[Brief] Every line from the first one in the data below through the line holding "任善成副教授从我国前列腺癌诊" is to be written out exactly, with the pictures omitted.

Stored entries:
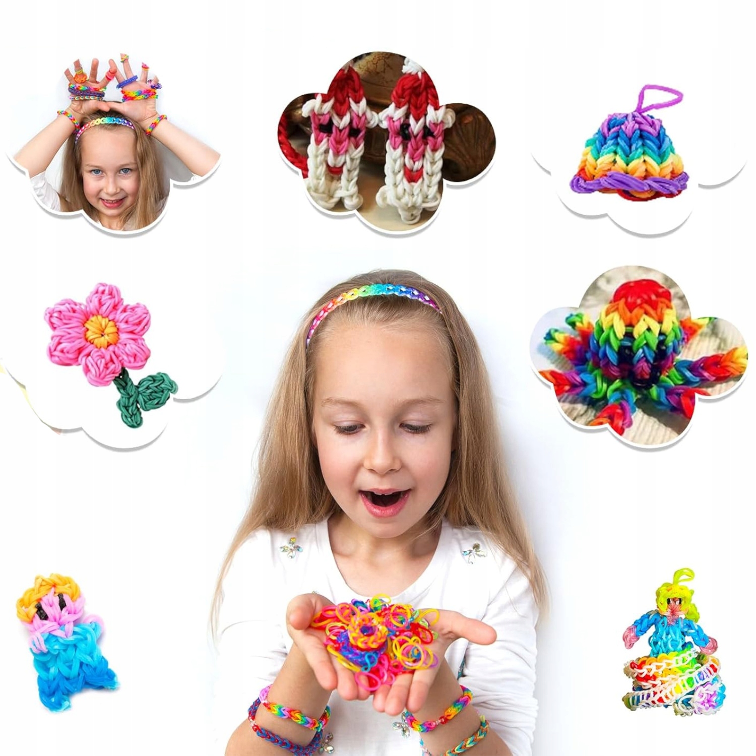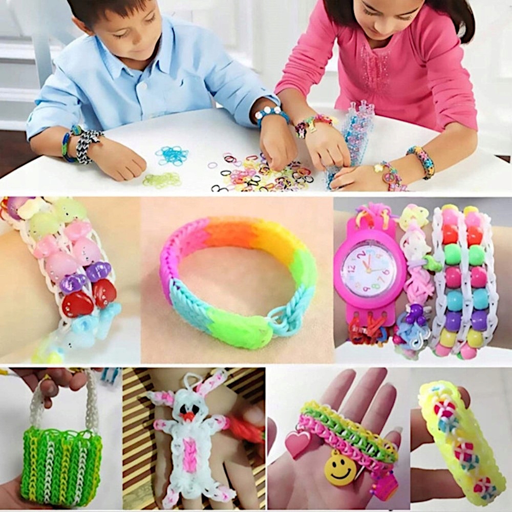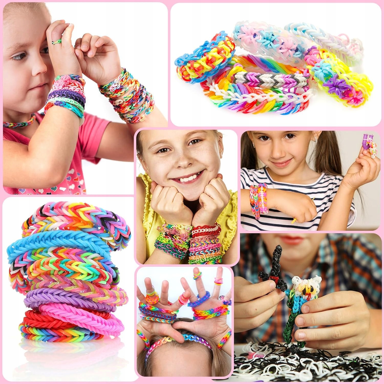 Creative Set DIY Bands Включение создания вашего собственного красочного браслета, парикмахерских. Кроме того, наборы «создавать» могут быть украшены резиновыми подвесками, полосами или в сочетании с разноцветными бусинками или буквами, создавая, например, название ребенка в браслете. Огромное количество бусин позволит вам создавать множество различных браслетов для различных случаев и соответствовать вашей дочери.
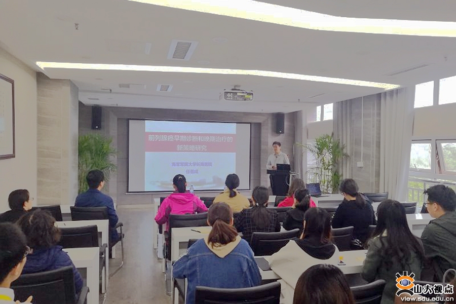 任善成副教授从我国前列腺癌诊疗面临的问题出发,以临床医生的角度向大家介绍了如何进行前列腺癌的转化研究,强调好的临床转化医学研究者应从解决实际临床问题出发,应用前沿实验技术,获取丰富的实验数据,得出可靠的结论并进行实验成果转化。在报告中,任善成副教授讲解了个人在前列腺癌早期诊断标志物及晚期前列腺癌进展和耐药分子机制研究方面的最新成果。报告结束后,在座师生与任善成副教授进行了热烈讨论。基础医学院各学系70 余名师生参加了本次论坛。
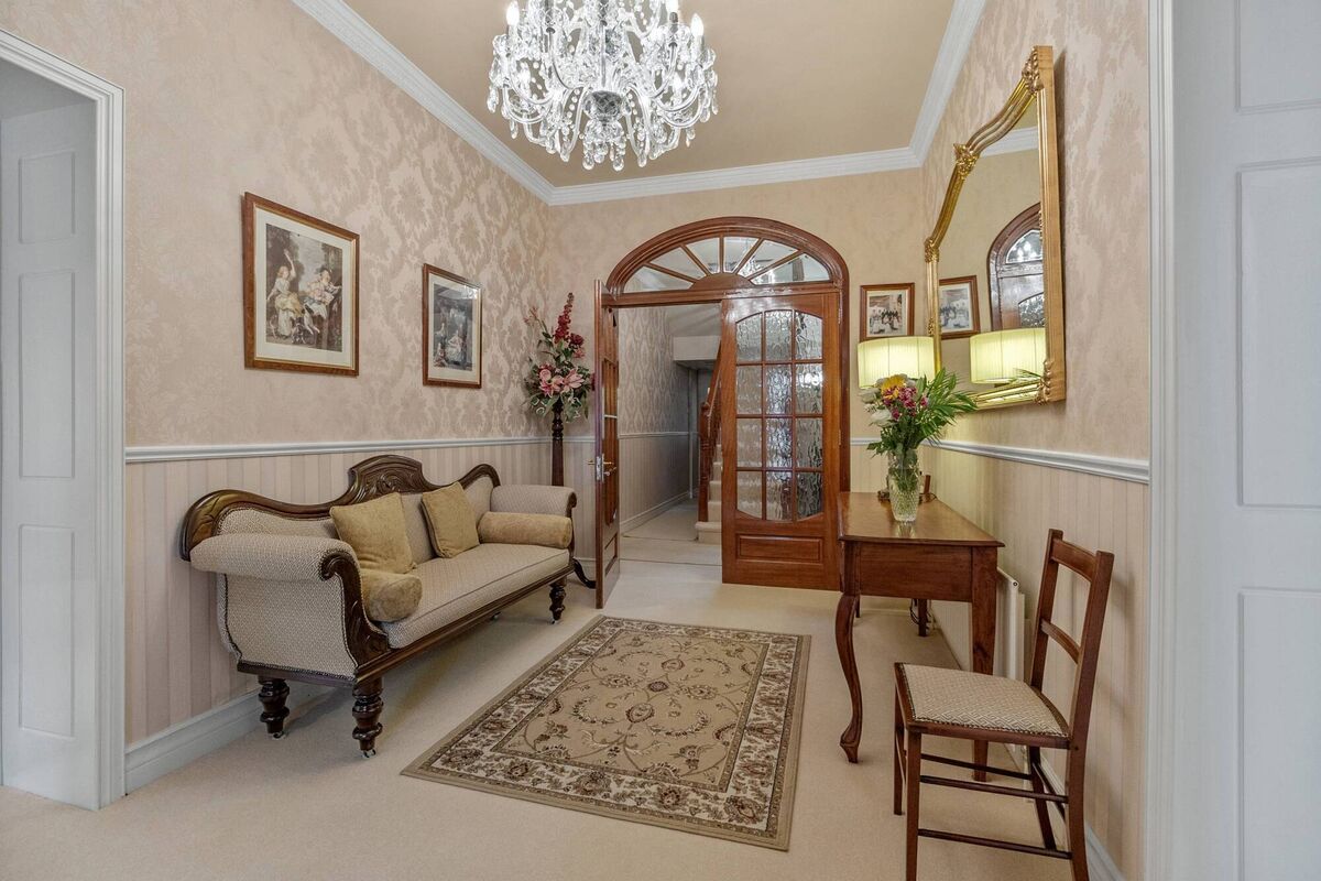 The main, five-bay house and lofted buildings, sort of set diagonally across the 26.7-acre land block from the lodge, could fool some into thinking it’s a new/modern build, given its crisp external render with contrasting corner quoins, pvc ‘Georgian-style’ double glazing throughout, plus similar glazing carried over into the slate-roofed front porch and side sun room, and there’s oil central heating and pretty assured creature comfort given it scores a B3 BER.
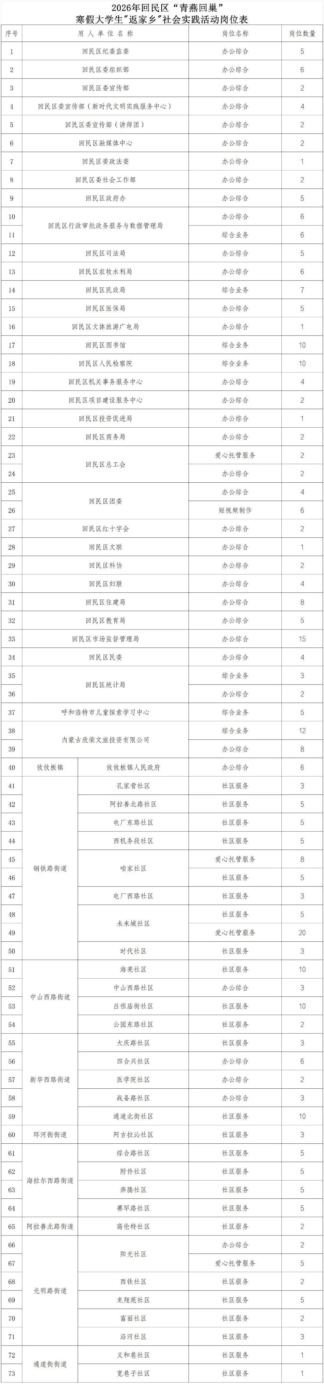 请已在“创青春”上报名的大学生点击下方蓝色字体下载《回民区“青燕回巢”社会实践报名表》,并于2026年1月5日前将电子版发送至回民区团委邮箱:[email protected](邮件标题为回民区“青燕回巢”社会实践申请+姓名”命名)。
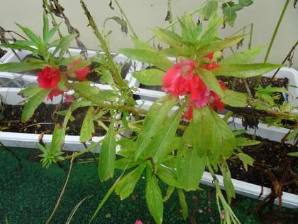 3年生のプランターも、のどがかわいていましたが、大雨で、少し元気を取り戻しました。ホウセンカの花も咲いています。
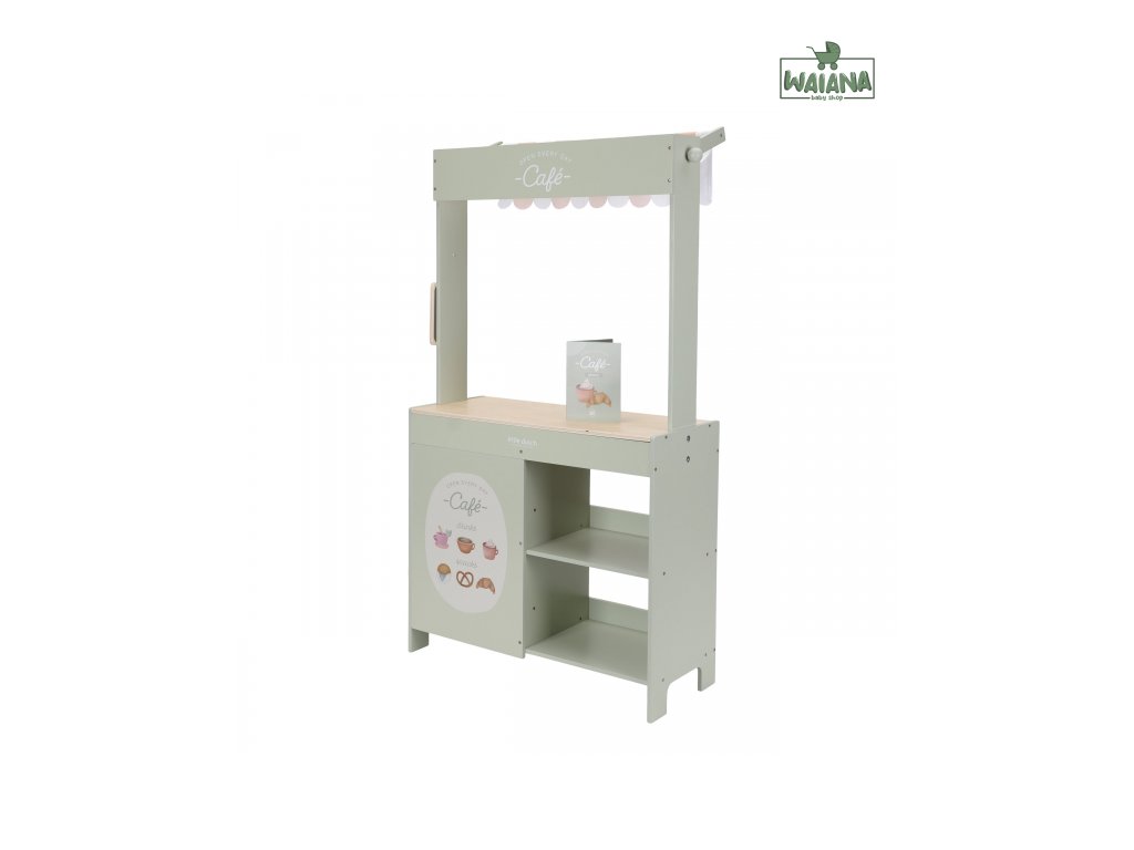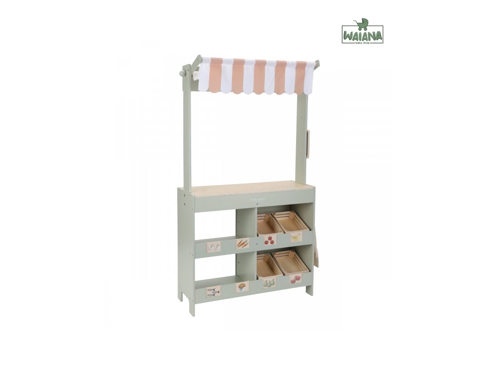 Krásne spracovaný predajný stánok Little Dutch je skvelý základ pre obľúbenú hru na obchod, pri ktorej sa fantázii medze nekladú! Deti si môžu zahrať na predavača čerstvej zeleniny a ovocia alebo obsluhovať hostí vo svojej vlastnej cukrárni plnej sladkých dobrôt.Vďaka šikovnému obojstrannému dizajnu sa farmársky stánok ľahko premení na štýlovú kaviareň. Na jednej strane nájdete predajný pult, pruhovanú markízu, textilnú nákupnú tašku a dostatok miesta na vystavenie tovaru vrátane štyroch debničiek na ovocie a zeleninu. Po otočení stánku sa otvorí kaviarenská časť s ilustrovaným menu a štyrmi výstavnými priehradkami na zákusky.
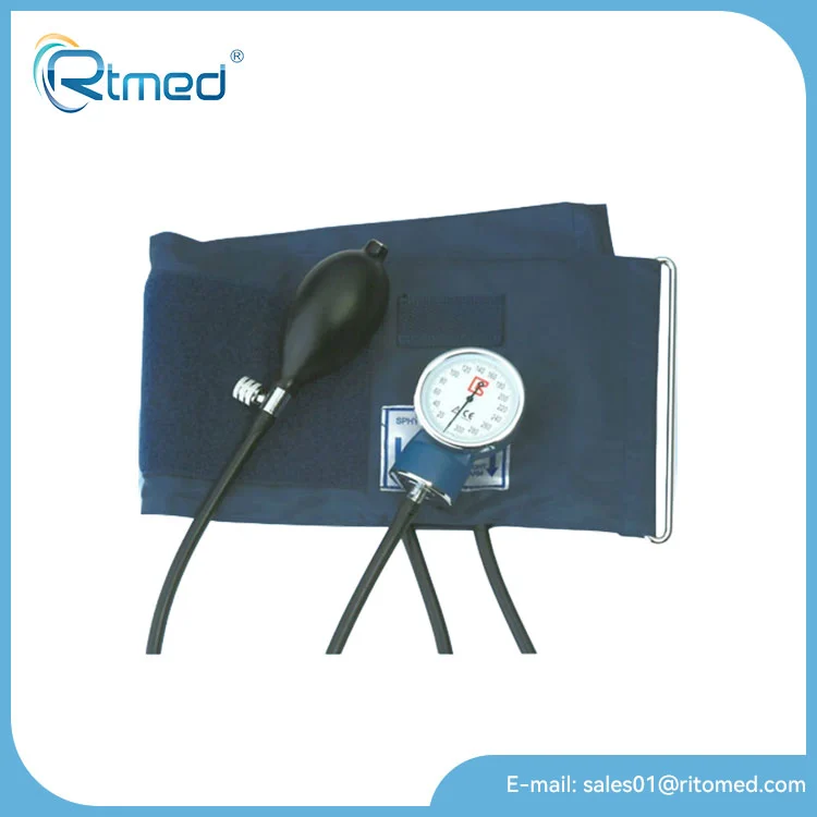 Deze RTMED Euro-type aneroïde bloeddrukmeter is een handmatig apparaat voor het meten van de bloeddruk dat gebruik maakt van een meetklok (manometer) om de druk weer te geven, in plaats van een kwikkolom of een digitaal scherm.
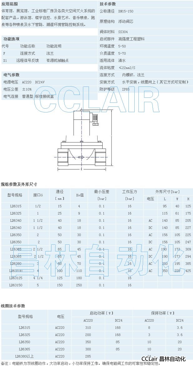 詳細(xì)信息 LD6315,LD6325,LD6340,LD6350,LD6365,LD6380,LD63100,LD63125,LD63150,消防雨淋專(zhuān)用電磁閥

[Result for this task]
 Creative Set DIY Bands Включение создания вашего собственного красочного браслета, парикмахерских. Кроме того, наборы «создавать» могут быть украшены резиновыми подвесками, полосами или в сочетании с разноцветными бусинками или буквами, создавая, например, название ребенка в браслете. Огромное количество бусин позволит вам создавать множество различных браслетов для различных случаев и соответствовать вашей дочери.
 任善成副教授从我国前列腺癌诊疗面临的问题出发,以临床医生的角度向大家介绍了如何进行前列腺癌的转化研究,强调好的临床转化医学研究者应从解决实际临床问题出发,应用前沿实验技术,获取丰富的实验数据,得出可靠的结论并进行实验成果转化。在报告中,任善成副教授讲解了个人在前列腺癌早期诊断标志物及晚期前列腺癌进展和耐药分子机制研究方面的最新成果。报告结束后,在座师生与任善成副教授进行了热烈讨论。基础医学院各学系70 余名师生参加了本次论坛。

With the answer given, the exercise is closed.